(Source data)
• • • •

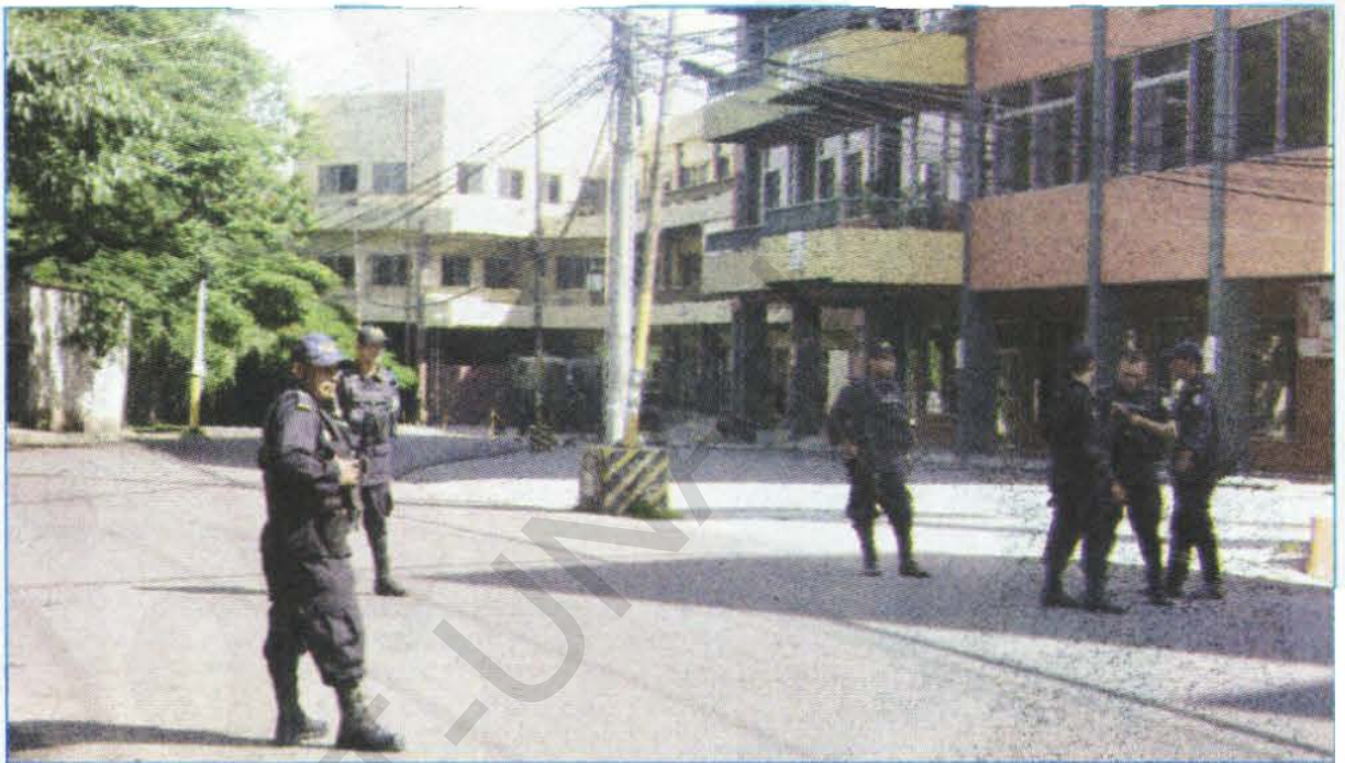
Las instalaciones del MP seguirán resguardadas por los militares y policía, mientras se llegue a la normalidad en sus funciones.

En relación a las personas que fueron detenidas por orden judicial al promover las intenciones del ex mandatario Zelaya, Ferrera no quiso responder al respecto en vista que el fiscal general del Estado, Luis Alberto Rubí, "es el único que puede dar más in-
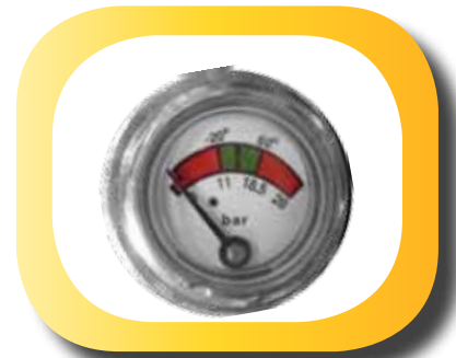
Manomètre de contrôle Pressure gauge
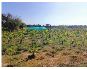
สวนกล้วย
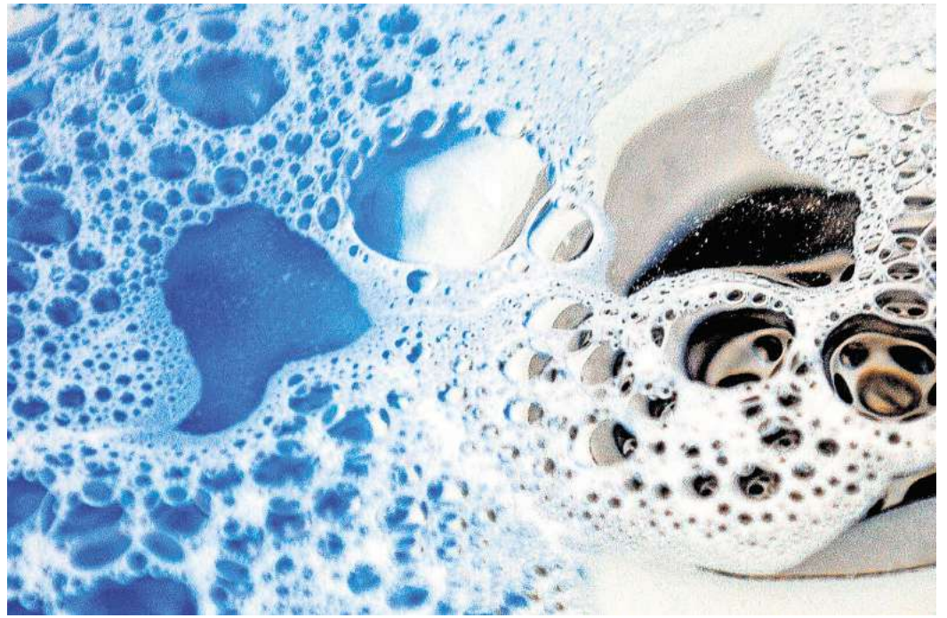
Hausmittel wie Natron, Essig und heißes Wasser helfen, leichte Verstopfungen im Abfluss zu beseitigen und sind eine umweltfreundliche Alternative zu chemischen Reinigern.

Gut zu wissen: Abflussverstopfungen beugt man am besten mit Abflusssieben vor. Sie verhindern, dass lange Haare oder Essensreste beim Spülen in die Abwasserleitungen gelangen. Die Verbraucherzentrale NRW rät zudem, einmal wöchentlich kochendes Wasser in die Abflüsse von Bad und Küche zu kippen. Dies hilft, Fett- und Seifenreste zu lösen und wegzuspülen. (DPA)
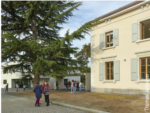
Le bâtiment de 1868 rénové abrite des locaux PPLS et la bibliothèque.

FAMILLES – La nouvelle bibliothèque scolaire, qui a ouvert ses portes en octobre dernier, ne cesse d'élargir son offre.
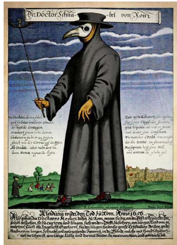
Grabado en color del Doctor Schnabel [Dr. Beak], un médico en la peste en Roma, publicado por Paul Fürst, ca. 1656.

A partir de un mismo episodio histórico, pueden verse dos actitudes totalmente distintas: el diario de Pepys es un muestrario de descarnada picardía y pragmatismo que, a la vez que expresa un enorme miedo a la pandemia, muestra un extremado ingenio para continuar divirtiéndose y obtener ganancias monetarias sin que haya, en ningún momento, un sentimiento de identificación o empatía con el sufrimiento de los demás. En contraste, el narrador de Defoe, sin incurrir en actos heroicos, muestra su azoro y preocupación por el fenómeno de contagio y sus devastadores efectos sociales, observa los comporta-
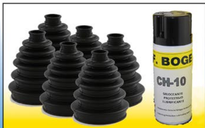
BOG 3070 Confezione comprendente: 6 cuffie universale N.V.E. „F.Boge“ 1 prodotto in omaggio
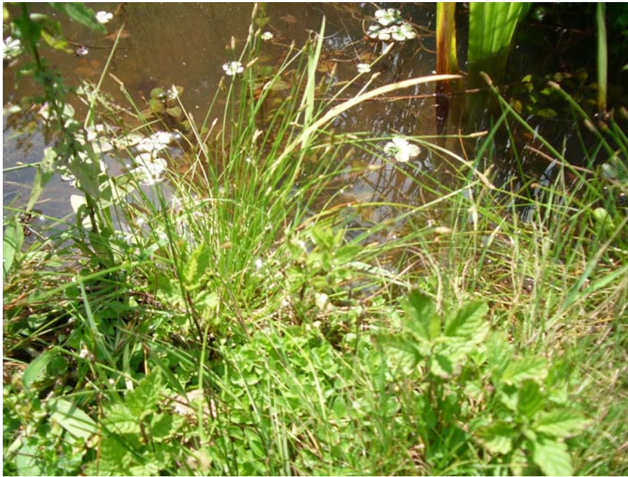
Slika 3: Kranjska sita (V. R.)
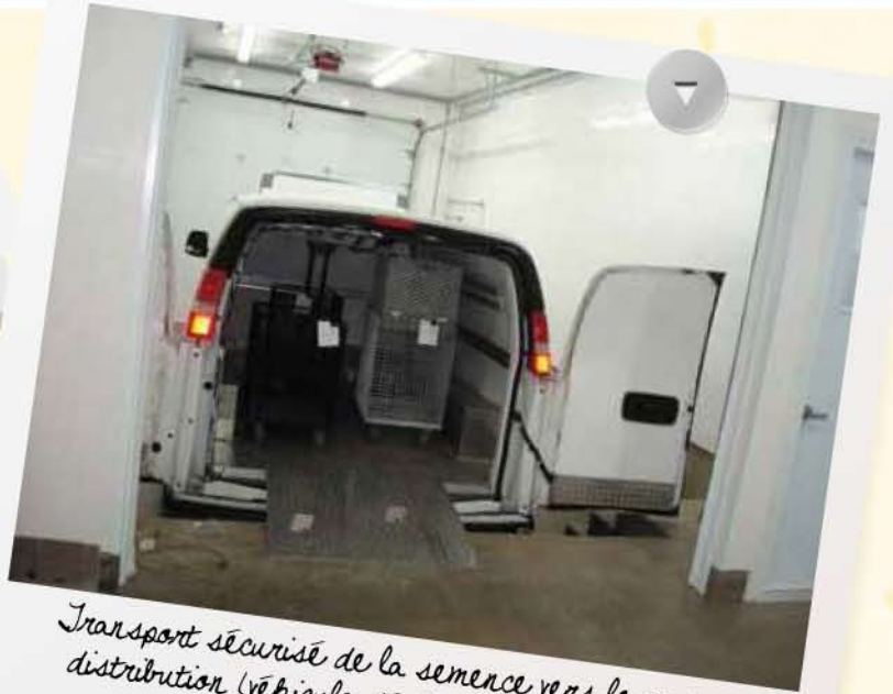
Transport sécurisé de la semence vers le centre de distribution (véhicule dédié, contrôle de la chaîne de température à 16 degrés Celsius).
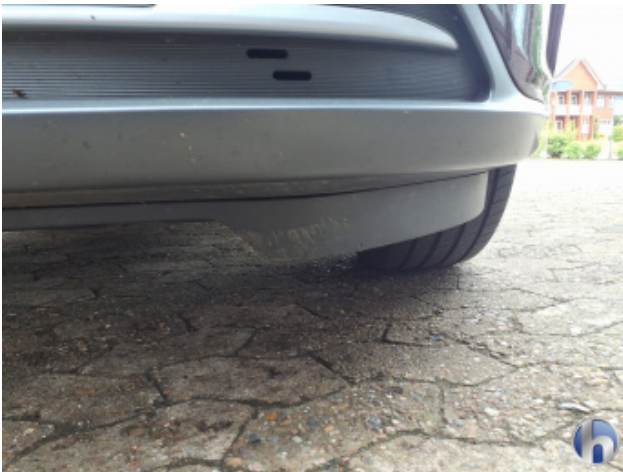
3. Stoßfänger Vorne Gebrauchsspuren - Ohne Reparatur
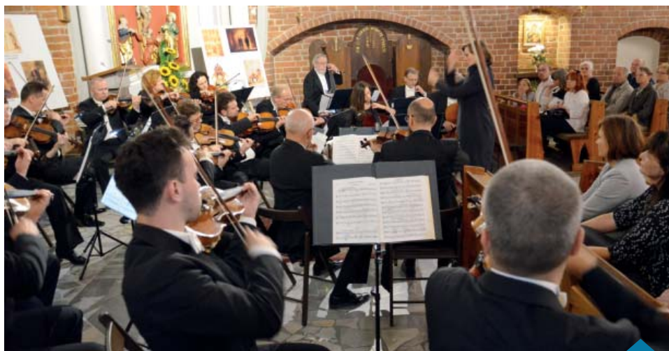
Wydarzenie przyciągnęło melomanów, twórców i wielbicieli kultury oraz wierną, wysmakowaną goślińską elitę publiczności.

Dzieło zostało zainspirowane wystawą akwarel i rysunków Wiktora Hartmanna (1834–1873), zorganizowaną latem 1874 roku, niedługo po jego śmierci. Był rok 1870, kiedy Modest Musorgski spotkał po raz pierwszy Wiktora Hartmanna, rosyjskiego malarza i architekta. Obydwu artystów łączyły wspólne poglądy na wiele istotnych dla nich spraw, toteż rychło zostali serdecznymi przyjaciółmi. Niestety,
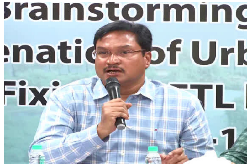
అందరికీ తెలిసినదని అన్నారు. ప్రజల్లో ఎన్ టి ఎల్, బిజెపి జోన్స్ అవగాహన పుస్తోందని, ఆక్రమణల నియంత్రణకు ఆధునిక సాంకేతికతను వాడుతున్నామని వివరించారు. నిపుణులు ఇచ్చిన సూచనలను కీలక నిర్ణయం తీసుకుందని తెలిపారు.

హైదరాబాద్, మహా: నిర్మాణాలు కూల్చే చెరువులు కాపాడటం హైద్రా ఉద్దేశం కాదని, చెరువుల పరిధిలో కొత్త నిర్మాణాలను అడ్డుకోవడం తమ లక్ష్యమని హైద్రా కమిషనర్ రంగనాథ్ అన్నారు. చెరువులను పునరుద్ధరించాలంటే ఇళ్లను కూల్చాల్సి వని లేదని అన్నారు. చెరువులో నీటి విస్తీర్ణం, సర్వే ఆఫ్ ఇండియా మ్యాప్ లు, విజిల్ మ్యాప్ లను కూడా పరిగణనలోకి తీసుకుంటున్నామని తెలిపారు. ఇవాళ హైద్రా కార్యాలయంలోని విశ్రాంత ఇంజనీర్లు, రెవెన్యూ, నీటిపారుదల శాఖ అధికారులతో రంగనాథ్ సమావేశమై హైద్రాకు సంబంధించిన పలు అంశాలపై చర్చించారు. ఈ సందర్భంగా మీడియాతో ఆయన మాట్లాడారు. అక్రమ నిర్మాణాల విషయంలో మానవత్వంతో ఆలోచిస్తే సమాజమంతా బాధపడాల్సి వస్తుందని రంగనాథ్ పేర్కొన్నారు. కొన్నిసార్లు మనుసును చంపుకొని పని చేయాల్సి వస్తోందని వ్యాఖ్యానించారు. ఆమెన్ ఛార్జ్ తూములు మూడుంటేనే లేజిట్టు మునిగాయని తెలిపారు. తప్పుడు అనుమతులు ఇచ్చినవి, అనుమతులు లేని ఇళ్లను మాత్రమే కూల్చివేసామని వాడుతున్నామని చెప్పారు. కొంతమందిపై చర్యలతో హైద్రా పని
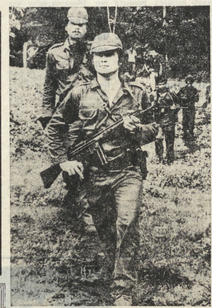
САЛЬВАДОР. В ответ на ужесточившиеся репрессии реакционной хунты бойцы Фронта национального освобождения имени Фарабуо Марти теснее сплачиваются свои ряды в борьбе за свободу, демократию, справедливость.

Сегодня под контролем патриотов находится почти четвертая часть территории страны. Умело используя тактику партизанской борьбы, отряды повстанцев совершают удачные маневры в горных зонах и при активной поддержке местного населения наносят противнику ощутимые удары.
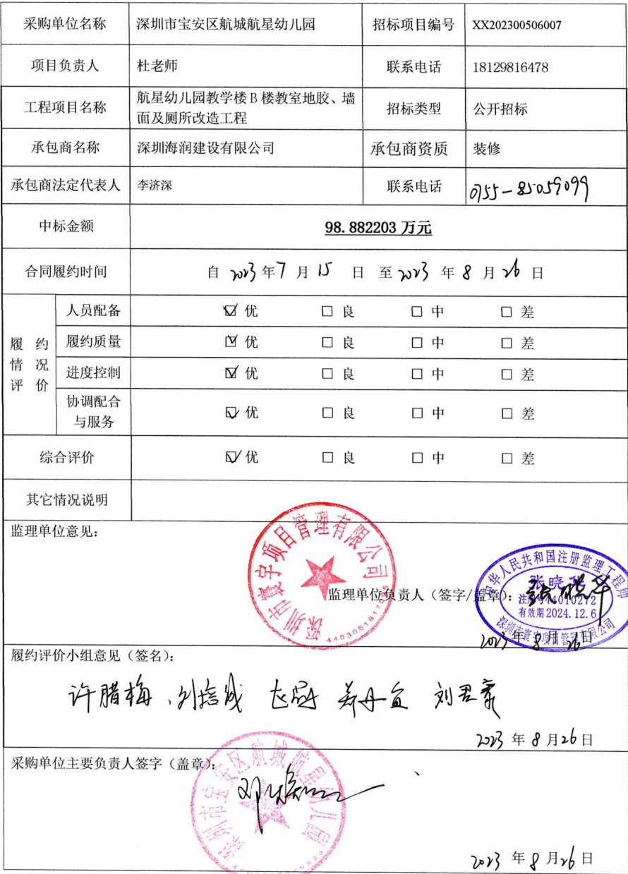
学校、幼儿园招标项目履约评价备案表（工程）
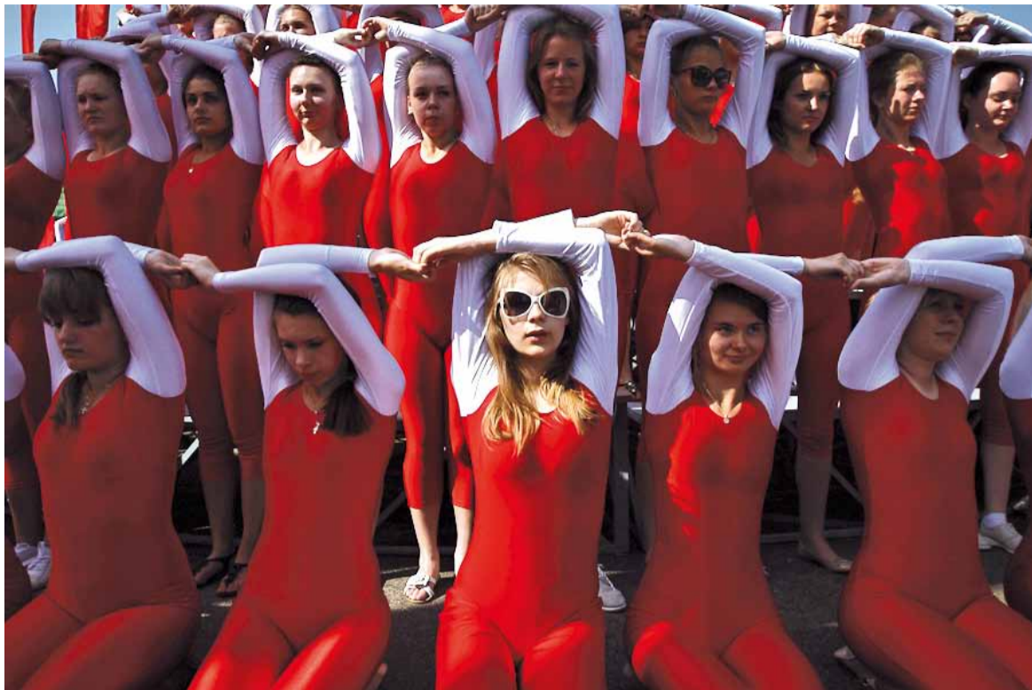
18 мне ўжо... За час кіравання Лукашэнкі вырасла цэлае пакаленне. На фота: парад 3 Ліпеня.
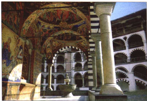
里拉修道院建筑内部
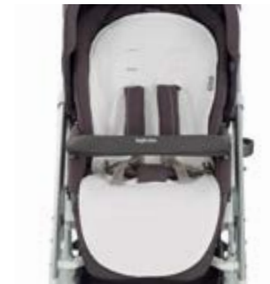
Funda de verano para sillita de paseo Housse d'été pour poussette A095KG003
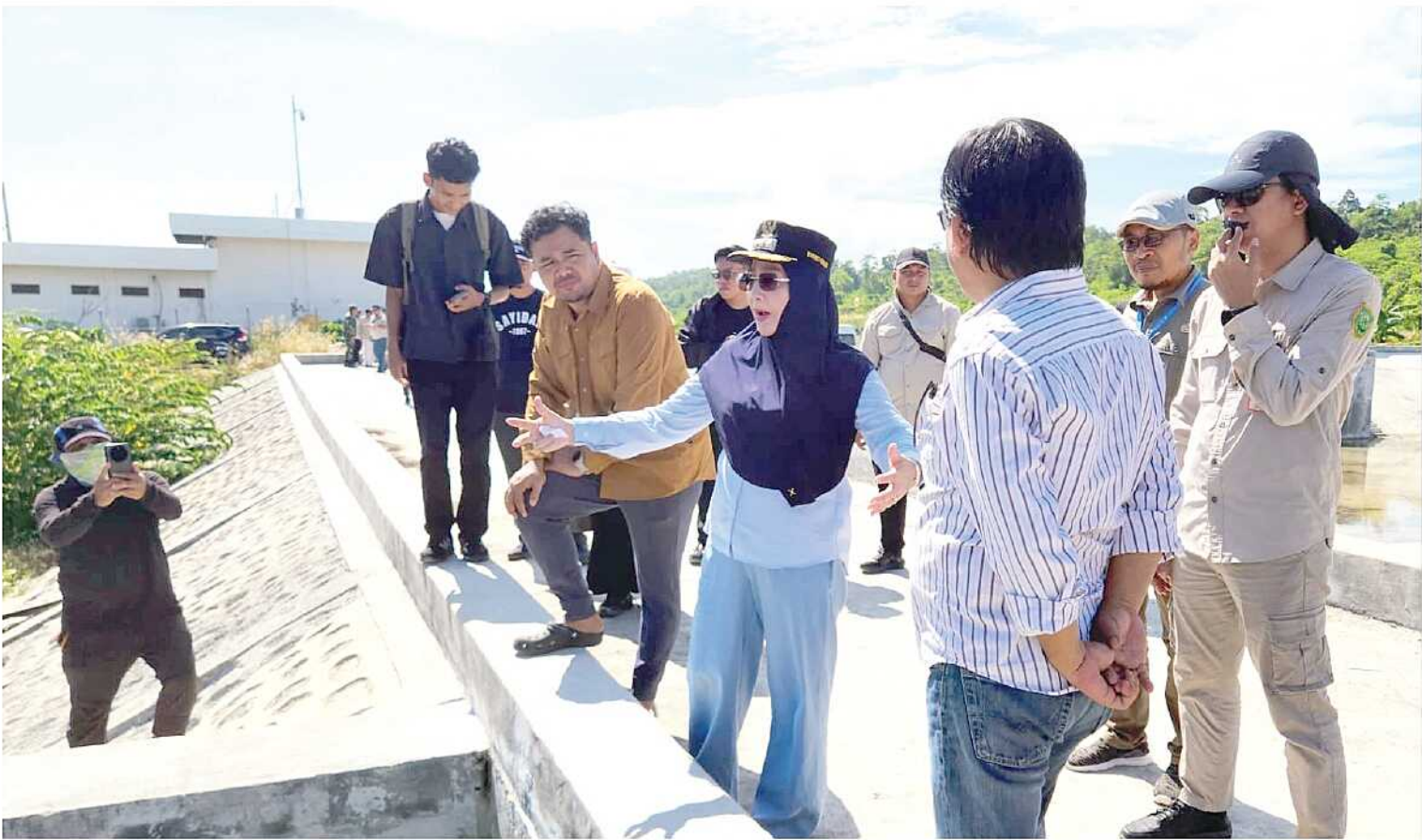
TERTUNDA. Embung air bersih di Kampung Payung-Payung, Kecamatan Maratua, belum dapat dioperasikan tahun ini akibat keterbatasan anggaran untuk pembangunan fasilitas pendukung.

Pemanfaatan embung di Kampung Payung-Payung kembali tertunda. Pemerintah masih membutuhkan anggaran hingga Rp25 miliar untuk melengkapi sistem pendukung agar fasilitas tersebut dapat berfungsi optimal.

• • • •

**PROBLEM**
Using the data above, return each line that includes the word "Kampung".

**EXPECTED OUTPUT**
TERTUNDA. Embung air bersih di Kampung Payung-Payung, Kecamatan Maratua, belum dapat dioperasikan tahun ini akibat keterbatasan anggaran untuk pembangunan fasilitas pendukung.
Pemanfaatan embung di Kampung Payung-Payung kembali tertunda. Pemerintah masih membutuhkan anggaran hingga Rp25 miliar untuk melengkapi sistem pendukung agar fasilitas tersebut dapat berfungsi optimal.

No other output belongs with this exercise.